Sandstone is the county's most abundant rock type, although limestone becomes more common toward the southern area of the county. Two mines for extracting iron ore have been attempted, at Airdrie on the banks of the Green River, and at Buckner Furnace south of Greenville, Kentucky. Both iron ore mines were extant in the late 19th century and early 20th century; neither were successful.

====Green River====
The 300 mi-long Green River is a tributary of the Ohio River. It provides a commercial outlet for goods (primarily coal) to be shipped from the county to the major trade centers along the Mississippi River.

====Lake Malone====
Lake Malone (788 acre) is in southern Muhlenberg County near Dunmor. It, and a portion of the surrounding hardwood forest, form Lake Malone State Park, maintained by the Kentucky Department of Fish and Wildlife. The lake's surface extends into two neighboring counties, Todd and Logan. There are sandstone cliffs and natural sandstone formations along the lake shore including a natural bridge, although the bridge itself is not inside the park boundary.

===Adjacent counties===
- McLean County (north)
- Ohio County (northeast)
- Butler County (east)
- Logan County (southeast)
- Todd County (south)
- Christian County (southwest)
- Hopkins County (west)

==Demographics==

Historical population
| Census | Pop. | Note | %± |
| 1800 | 1,293 |  | — |
| 1810 | 4,181 |  | 223.4% |
| 1820 | 4,979 |  | 19.1% |
| 1830 | 5,340 |  | 7.3% |
| 1840 | 6,964 |  | 30.4% |
| 1850 | 9,809 |  | 40.9% |
| 1860 | 10,725 |  | 9.3% |
| 1870 | 12,638 |  | 17.8% |
| 1880 | 15,098 |  | 19.5% |
| 1890 | 17,955 |  | 18.9% |
| 1900 | 20,741 |  | 15.5% |
| 1910 | 28,598 |  | 37.9% |
| 1920 | 33,353 |  | 16.6% |
| 1930 | 37,784 |  | 13.3% |
| 1940 | 37,554 |  | −0.6% |
| 1950 | 32,501 |  | −13.5% |
| 1960 | 27,791 |  | −14.5% |
| 1970 | 27,537 |  | −0.9% |
| 1980 | 32,238 |  | 17.1% |
| 1990 | 31,318 |  | −2.9% |
| 2000 | 31,839 |  | 1.7% |
| 2010 | 31,499 |  | −1.1% |
| 2020 | 30,928 |  | −1.8% |
| 2025 (est.) | 30,634 | Decrease | −1.0% |
U.S. Decennial Census 1790-1960 1900-1990 1990-2000 2010-2020

===2020 census===
As of the 2020 census, the county had a population of 30,928. The median age was 41.9 years. 21.6% of residents were under the age of 18 and 19.6% of residents were 65 years of age or older. For every 100 females there were 103.9 males, and for every 100 females age 18 and over there were 102.7 males age 18 and over.
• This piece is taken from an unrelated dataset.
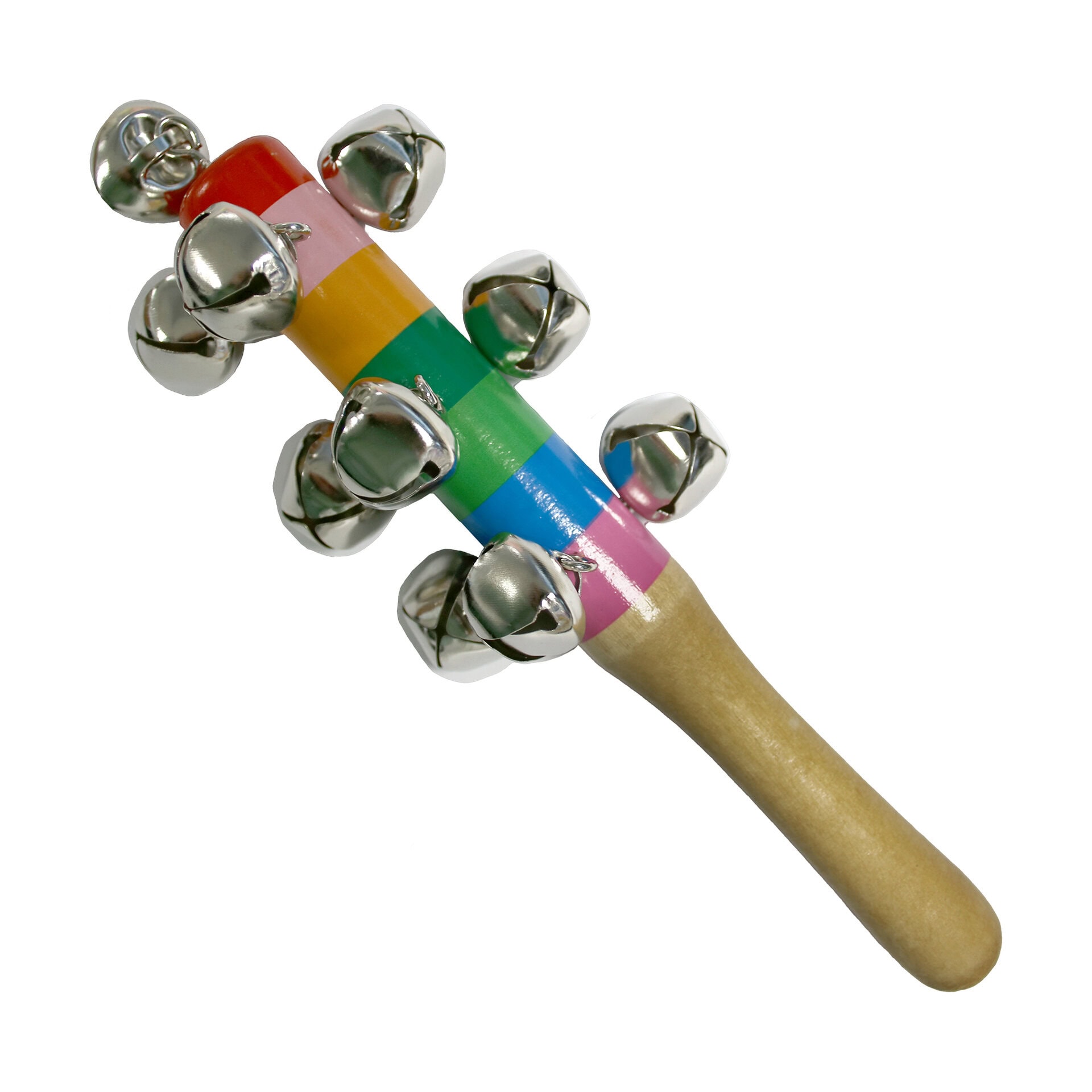 Kleurrijk bellenstokje (18 cm) met 10 belletjes.

The racial makeup of the county was 91.7% White, 3.9% Black or African American, 0.2% American Indian and Alaska Native, 0.2% Asian, 0.0% Native Hawaiian and Pacific Islander, 0.7% from some other race, and 3.2% from two or more races. Hispanic or Latino residents of any race comprised 1.8% of the population.

36.5% of residents lived in urban areas, while 63.5% lived in rural areas.

There were 11,955 households in the county, of which 29.8% had children under the age of 18 living with them and 25.9% had a female householder with no spouse or partner present. About 27.5% of all households were made up of individuals and 13.7% had someone living alone who was 65 years of age or older.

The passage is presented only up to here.